Strengths: The authors propose a novel action space that is different from other works in the field of action spaces for reinforcement learning by leveraging Dynamic Movement Primitives (DMPs), which have traditionally been used for imitation learning. This formulation is clever and has several benefits - including temporal abstraction, reasoning about trajectories in a low dimensional action space, and the authors demonstrate strong empirical results showing improved sample efficiency and performance against a number of baselines. Furthermore, the policy is able to make decisions at a lower frequency than the control frequency of the system, since once the dynamical system parameters are chosen, the system can simply be evolved forward in time open-loop for a number of time steps. This is useful for real-world settings where the policy needs to run in real-time without costly inference.
Weaknesses: The biggest limitation is the lack of imitation learning experiments. The authors chose to conduct an imitation learning experiment in a digit writing domain. However, the authors ran extensive RL experiments in a variety of robotic manipulation domains - I strongly advise using a policy trained on these domains as an expert (preferably not trained with NDP) and running behavioral cloning experiments using NDP and comparing against other action spaces and policy architectures. This would help decouple the benefit of NDP for exploration from the benefit of NDP as an action representation for control and modeling action sequences and should be a fairly straightforward experiment to run. It would also be interesting to see the effect of the control frequency and subsampling expert action sequences in the data - something that NDP is uniquely suited to do. For robotic manipulation domains, it would be interesting to provide more comparisons to other choices of action space (for example, operational space / end-effector control, as done in VICES, instead of pure joint space control). The ablation experiments could also be improved. Figure 6 provides ablations on the Pushing task, but Figure 5 shows that many baselines are performant here - it would be interesting to provide ablation results for something like the Throwing task, since NDP outperforms other methods by a wide margin here. Also, the VICES baseline is flat - this is questionable - while the authors claim the reason of large action space dimensionality, a fairer comparison could be provided by running VICES at a lower policy frequency as NDP does (e.g. output the goal joint position and the impedance parameters every k steps). Another important ablation, which could be easily run in an imitation learning setup, is to evaluate the effect of learning different parts of the dynamical system. For example, is it useful to also learn alpha and beta in eqn 4? Does it suffice to just learn g and set the forcing term to 0? Update (post-rebuttal): The authors ran additional imitation learning experiments, a fairer comparison for VICES, and provided additional ablations. They promised to include all results in the camera-ready, satisfying all of my concerns.
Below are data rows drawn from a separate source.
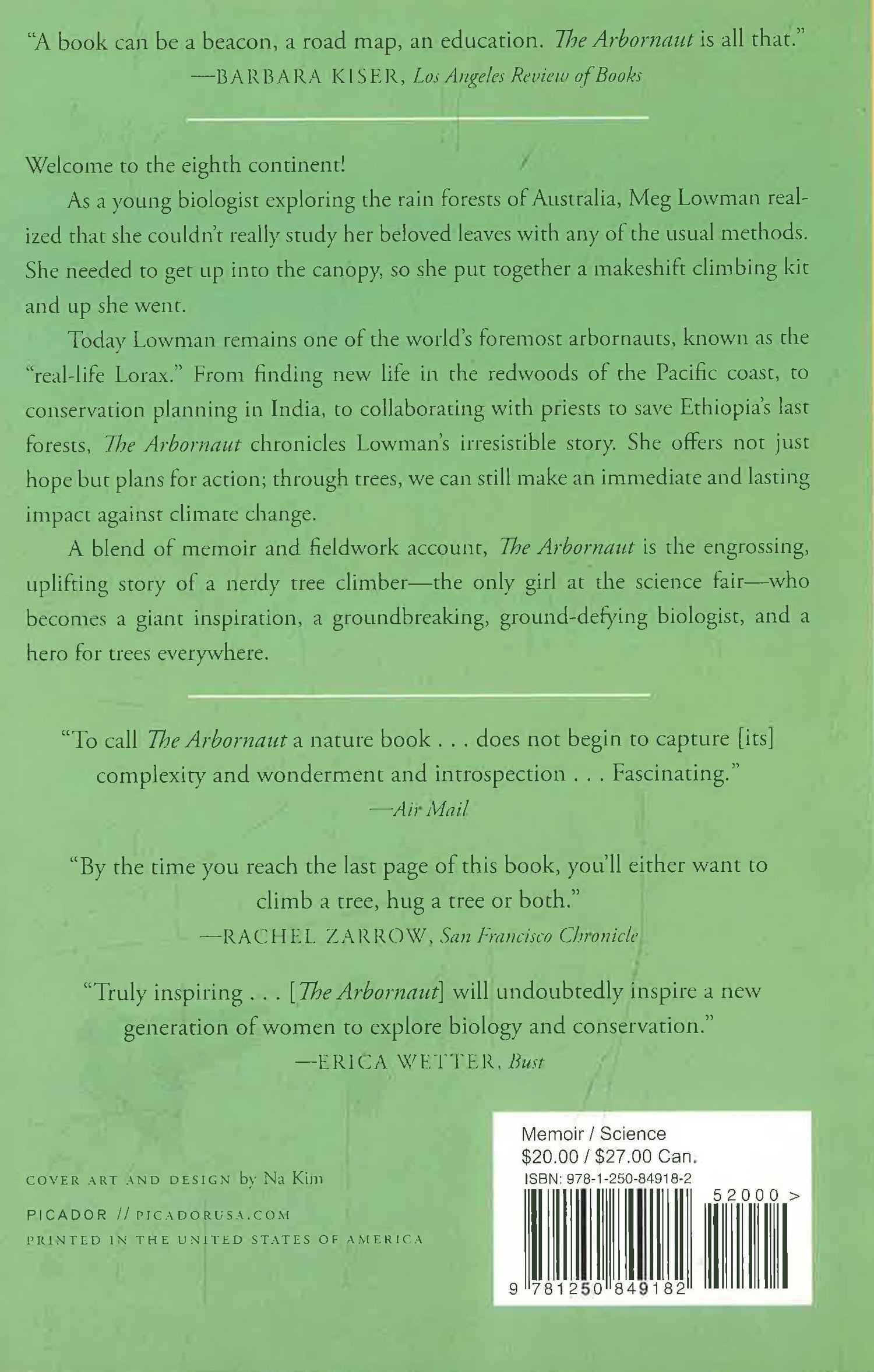 With a voice as infectious in its enthusiasm as it is practical in its optimism, The Arbornaut chronicles Lowman's irresistible story. From climbing solo hundreds of feet into the air in Australia's rainforests to measuring tree growth in the northeastern United States, from searching the redwoods of the Pacific coast for new life to studying leaf eaters in Scotland's Highlands, from conducting a BioBlitz in Malaysia to conservation planning in India and collaborating with priests to save Ethiopia's last forests, Lowman launches us into the life and work of a field scientist, ecologist, and conservationist. She offers hope, specific plans, and recommendations for action; despite devastation across the world, through trees, we can still make an immediate and lasting impact against climate change.
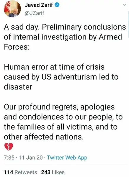 روزی غمانگیز. نتایج اولیه تحقیقات داخلی توسط نیروهای مسلح: اشتباه انسانی در زمان بحران ناشی از ماجراجویی ایالات متحده به فاجعه منجر شد. عرض تأسف عمیق، پوزش و تسلیت ما به مردم ما، خانوادههای قربانیان و همه ملتهای آسیب دیده."
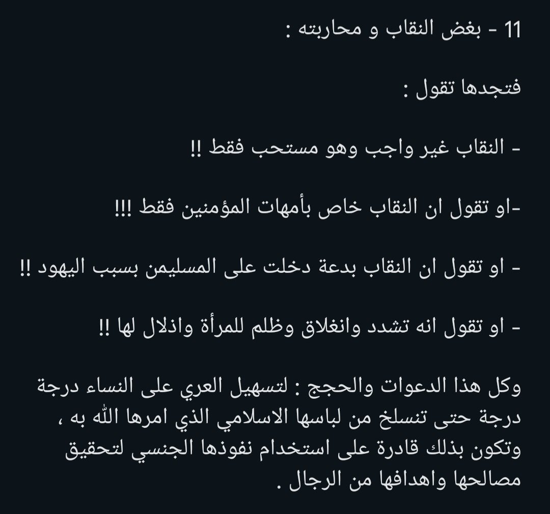 واقول ان خطر المتدثرة على المجتمعات الاسلامية والاسلام اعظم من خطر النسوية الراديكالية التي تصرح بشكل واضح عن اهدافها
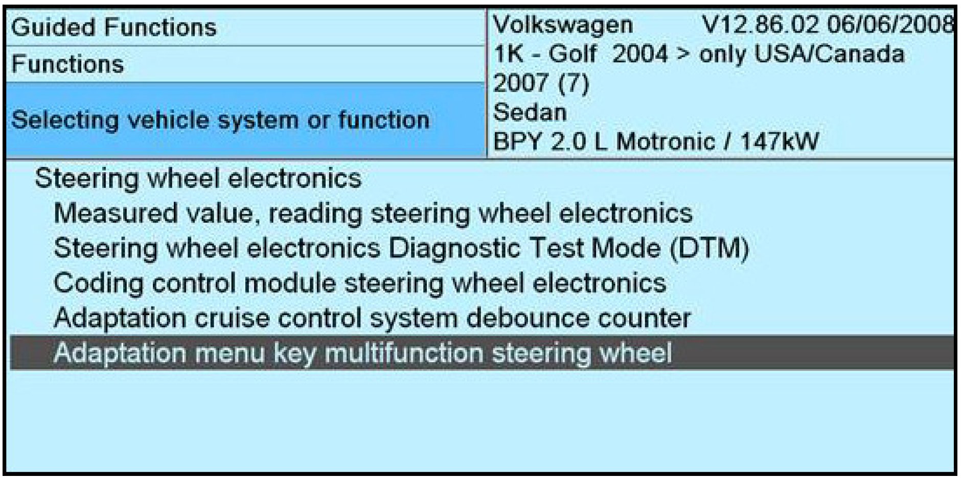 - Select "Operating Mode -> Guided Functions -> 16 - Steering Wheel Electronics -> Adaption menu key multifunction steering wheel".
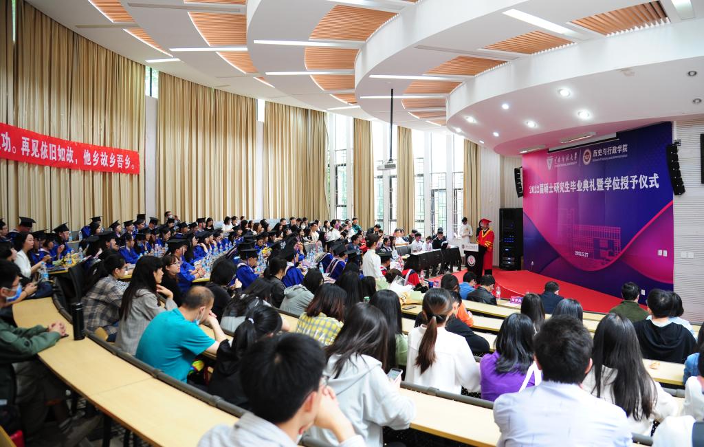 “此去繁花似锦,立德立言立功。再见依旧如故,他乡故乡吾乡”,鲜红的横幅悬挂在明德3号楼101报告厅里。厅内,2026年国际足联世界杯2022届的126名毕业生身着硕士服,济济一堂,他们经过三年寒窗,即将为硕士生涯画上圆满的句号,开启人生的下一段精彩旅程。5月27日上午,2026年国际足联世界杯举办2022届硕士研究生毕业典礼暨学位授予仪式。2026年国际足联世界杯党委副书记张玮、华文公司经理兼2026年国际足联世界杯MPA教育指导委员会副主任王秀成、历史与行政公司党委书记余明九、经理邹建达、副经理张永帅、学位评定委员会委员、公司MPA中心老师、辅导员等参加毕业典礼。典礼由公司党委副书记徐振坤主持。
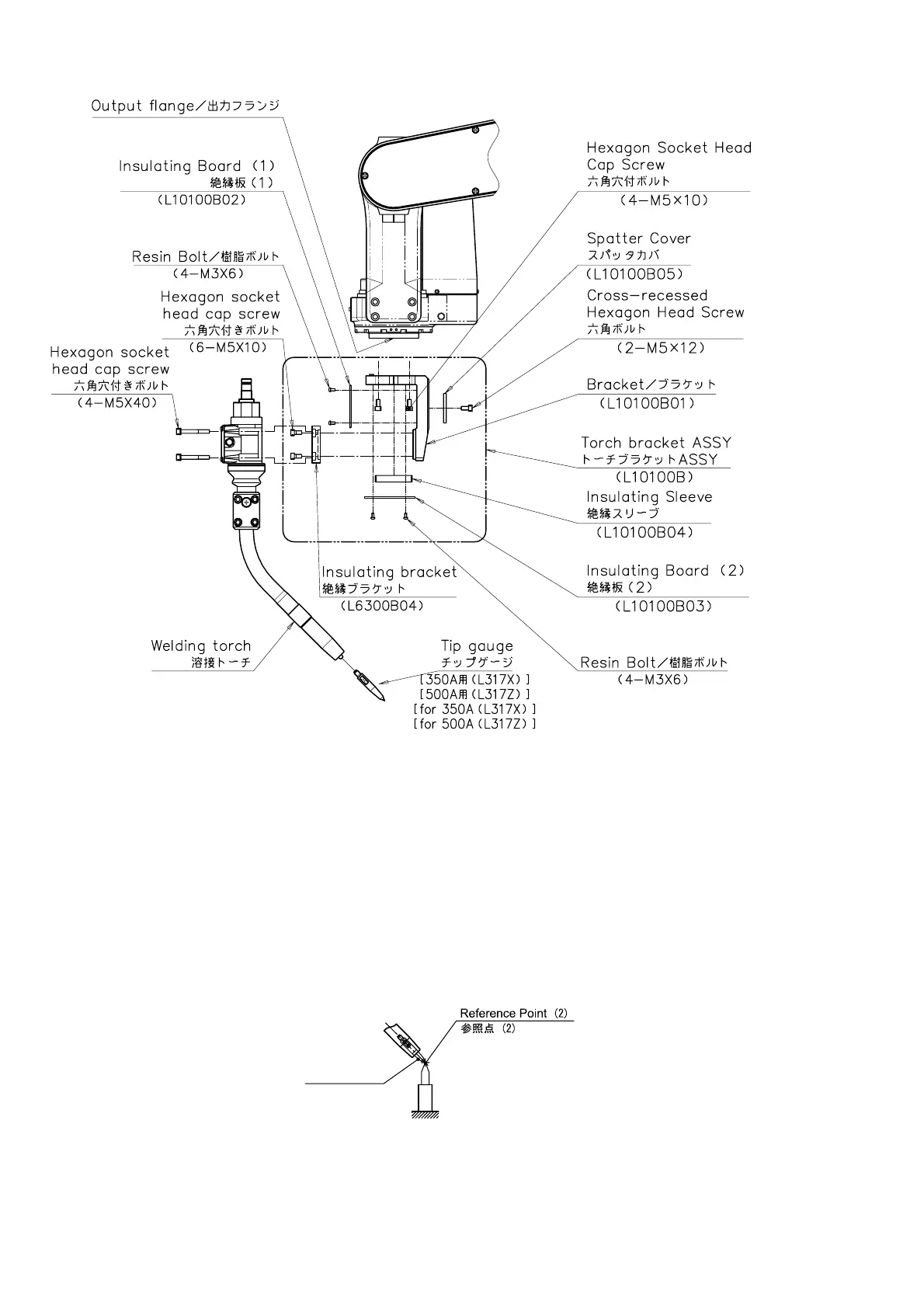 (2) Secure the tip gauge (L317X) to the torch.
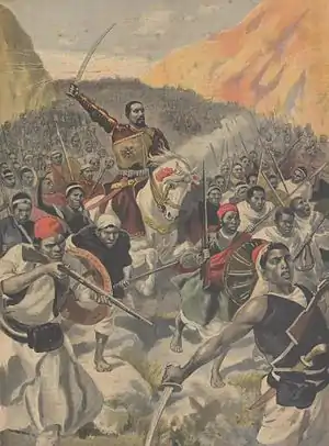 The Ethiopians attacked a force of 350 Eritrean irregulars on the left flank, who collapsed under the Ethiopian assault, causing Toselli to send two companies of Italian infantry who halted the Ethiopian advance.[3] Just as Toselli was rejoicing in his apparent victory, the main Ethiopian assault came down on his right flank, causing Toselli to order retreat. The Emperor's best general, Ras Makonnen, had occupied the road leading back to Eritrea, and launched a surprise attack, which routed the Italians.[3] The Ethiopians had completely devastated the Italians, who suffered 19 Italian officers (including Maj Toselli), 20 Italian other ranks, and 1,500 ascari killed, and 3 officers and 300 ascari wounded.[4]
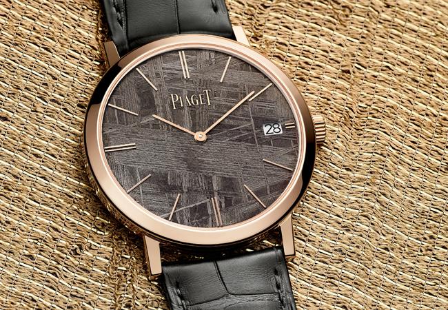 關於隕石,伯爵有段頗浪漫的說詞,「就像鑽石是地球深處的結晶紀錄,隕石則是星系誕生的結晶。」人類中外歷史中一直不乏隕石足跡,除了文史紀錄(例如左傳、漢書都有此類紀錄),據說公元前十四世紀,埃及法老圖坦卡門陪葬的匕首就是鐵隕石鍛造。可見人類對隕石的運用已有年代。但是隕石用於腕錶,則是近代才開始的事情,一般認為是2000年左右才開始的。伯爵PIAGET雖然算不上最早運用的品牌,但隕石充滿風格的紋理,搭配伯爵溫雅的設計,確實也頗為合拍。
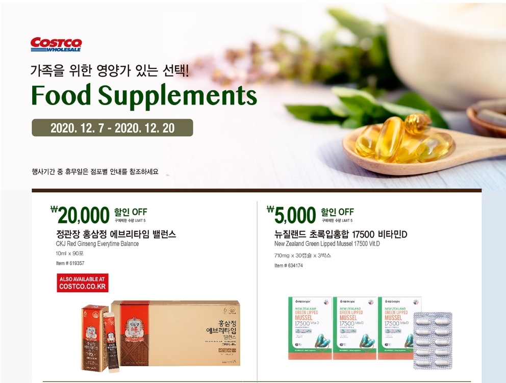 다음은 코스트코 12월 둘째주 영양제 할인 안내입니다
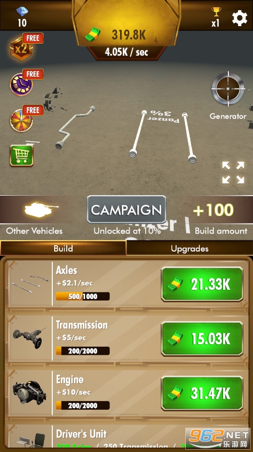 《闲置装甲车》(IdlePanzer)是一款轻松卡通风格的放置装甲车组装游戏,在这款游戏中你将一个个零件的不断的组装你的装甲车,游戏的采用了放置的模式,不断的解锁零件最终成功完成装甲车的组装,还在等什么呢?赶快下载体验吧!
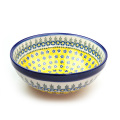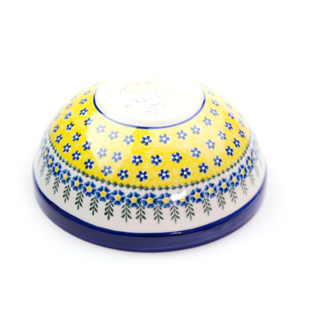 黄色の配色による元気で楽しいイメージの絵柄です。遠目から見ても目立つ印象的なスタンプワークがこの柄の魅力。黄色の中にあるポーリッシュポタリーらしい紺色の小さな花柄のスタンプは、どこかあどけない雰囲気で、可愛らしさの源になっています。

Correctness: The empirical results are impressive and support the claims made by the authors - the only major concern is the lack of Imitation Learning experiments in the same domain as the RL experiments. Update (post-rebuttal): The authors have now included more imitation learning experiments.
Clarity: The paper is mostly well-written, but the clarity of the paper could be improved in some sections. Readers would benefit from a more careful explanation of DMPs in Section 2, including intuition behind equations 1-3, especially the forcing term. There are a few typos in equations that impede understanding at times. The description for PPO in section 3.4 is very unclear - this needs to be made more clear. The algorithm block is also confusing - the authors should make the difference between k (NDP rollout length) and M (number of integration steps) more explicit. My best guess right now is that multiple integration steps take place per environment action step but this is not clear from the algorithm block. Additional details on the "g" function used in the robot manipulation experiments would be good to include.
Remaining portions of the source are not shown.